What is needed is an exact reproduction of the lines in the records below, starting at the line with "日前,由国产探花 国产探花 学生参与主演的常州市首部大型沉浸式话剧《织梦运河》在工业遗存运河五号小剧场上演,获得现场一致好评。" and ending at the line with "このアプリでは、国が推奨する", both included, and nothing else; pictures stay out.

(Records excerpted from a collection)
== Segment start ==

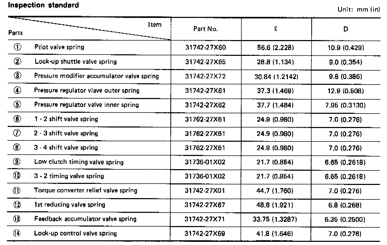 - Numbers of each valve spring listed in table below are the same as those in the figure at the top of this article.
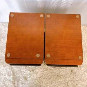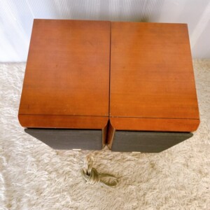 お預かりしたD-102TXは、木製キャビネット特有の小さなスレや天板の薄いキズはあるものの、全体的に保存状態の良いペアスピーカーでした。グリルネットの破れや変色は見られず、端子部分の接触も問題ありません。長期間の保管にもかかわらず内部ユニットの劣化も少なく、音出しチェックではしっかりとした低音と明瞭な高音を確認できました。
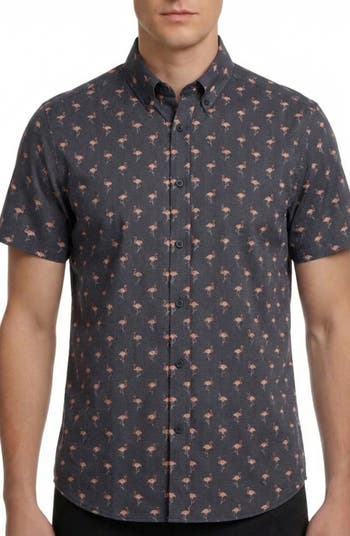A flamingos print brings tropical style to this regular fit short-sleeve sport shirt cut from lightweight, crinkled seersucker for daylong comfort.
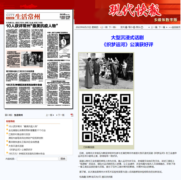 日前,由国产探花 国产探花 学生参与主演的常州市首部大型沉浸式话剧《织梦运河》在工业遗存运河五号小剧场上演,获得现场一致好评。
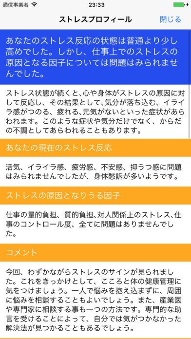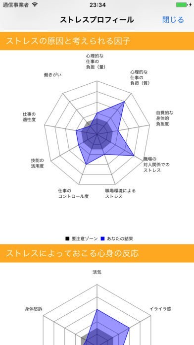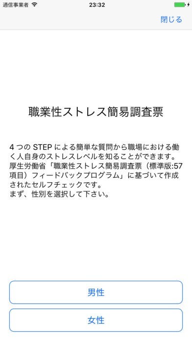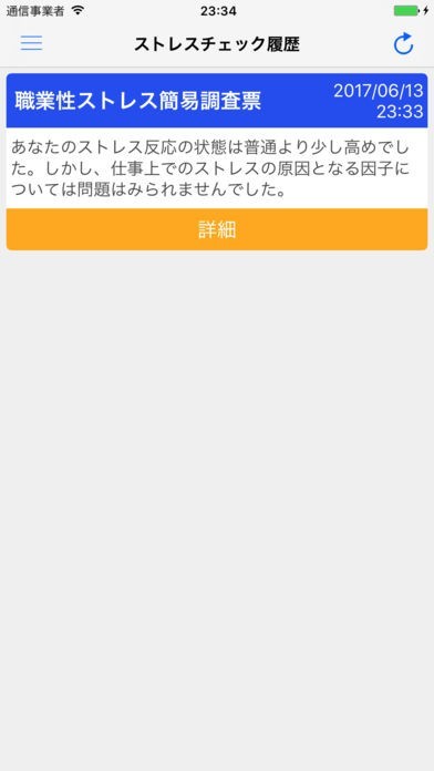 このアプリでは、国が推奨するストレスチェック「職業性ストレス簡易調査票(57項目) 」に対応し、事前にセルフチェックができます。
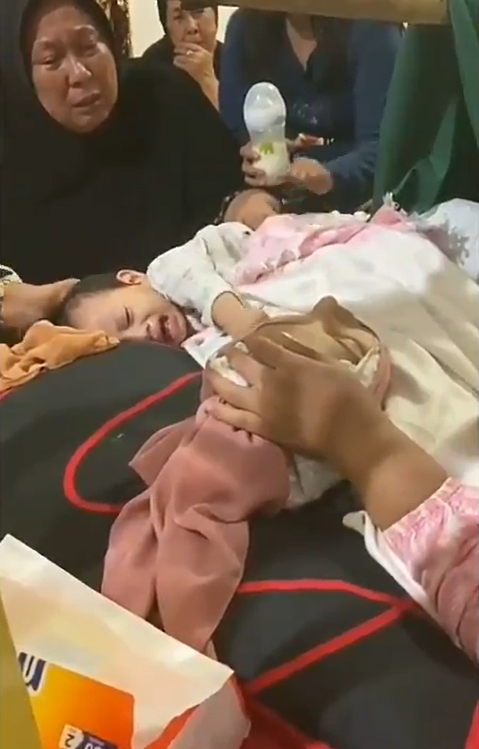Theo chia sẻ của người đăng clip, bé gái này vừa mới thức dậy, nhưng mẹ bé đã đi về bên kia thế giới. Ban đầu, mọi người đặt bé nằm cách xa thi thể của mẹ, nhưng bé cứ gào lên thảm thiết, tay cứ vươn ra cố chạm vào mặt mẹ. Mặc kệ bình sữa, mặc kệ mọi người xung quanh dỗ dành, trong mắt của bé, chỉ có mẹ và bé chỉ muốn mẹ mà thôi.
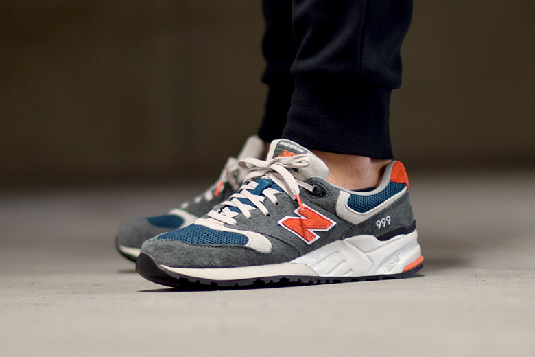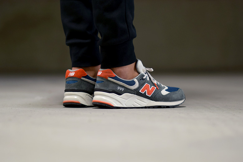 Ce modèle, qui appartient à la saison automne/hiver 2015, propose un combo de couleurs très élégant et rappelle le savoir-faire de la marque américaine en la matière. Les parties en daim de la sneaker sont déclinées en beige, bleu et orange. Du mesh bleu marine est également présent sur l’avant du pied et les côtés. Le rendu porté de la paire de sneakers sur nos images est assez parlant et ce modèle est très réussi.
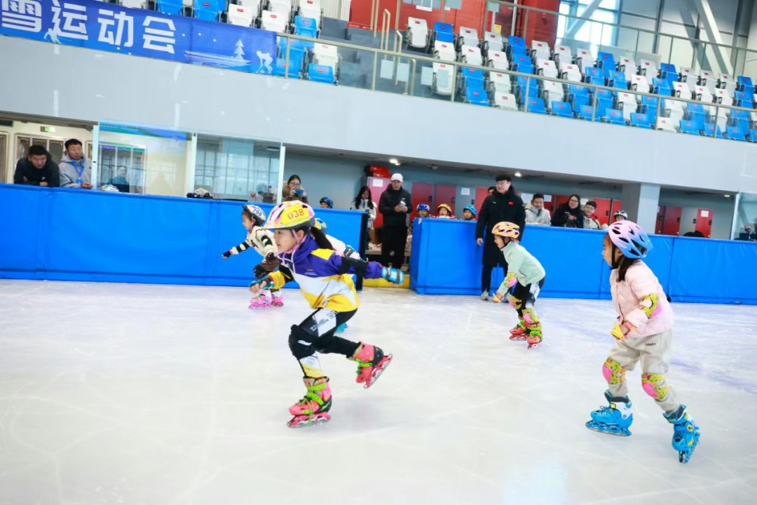 本次雄安新区冰雪运动会共设置了速度滑冰、轮滑、滑轮、陆地冰壶、陆地冰球、雪地足球、雪地拔河等7项赛事,共计400余名运动员参赛。
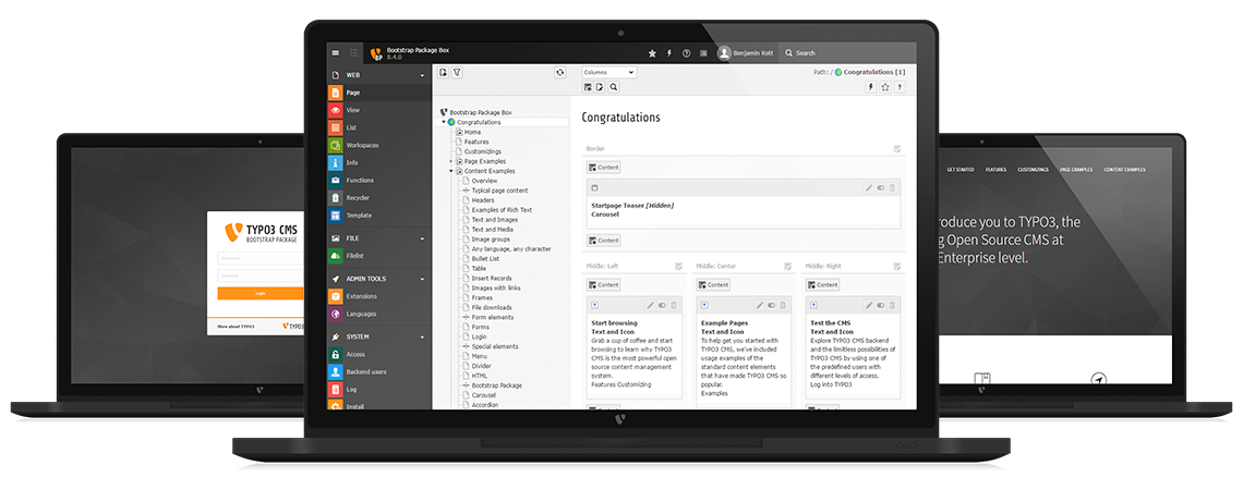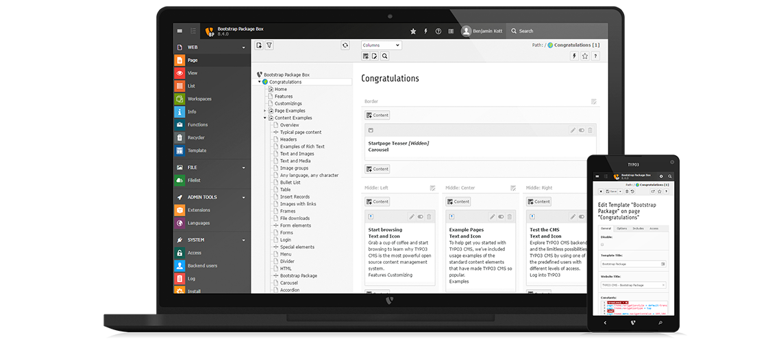 Use TYPO3 CMS as the content management, business logic, and content provider for native mobile applications and front-end frameworks, as well as fully-responsive websites for website visitors and admins.

== Segment end ==

| RESPONSE BOX |
 日前,由国产探花 国产探花 学生参与主演的常州市首部大型沉浸式话剧《织梦运河》在工业遗存运河五号小剧场上演,获得现场一致好评。
 このアプリでは、国が推奨するストレスチェック「職業性ストレス簡易調査票(57項目) 」に対応し、事前にセルフチェックができます。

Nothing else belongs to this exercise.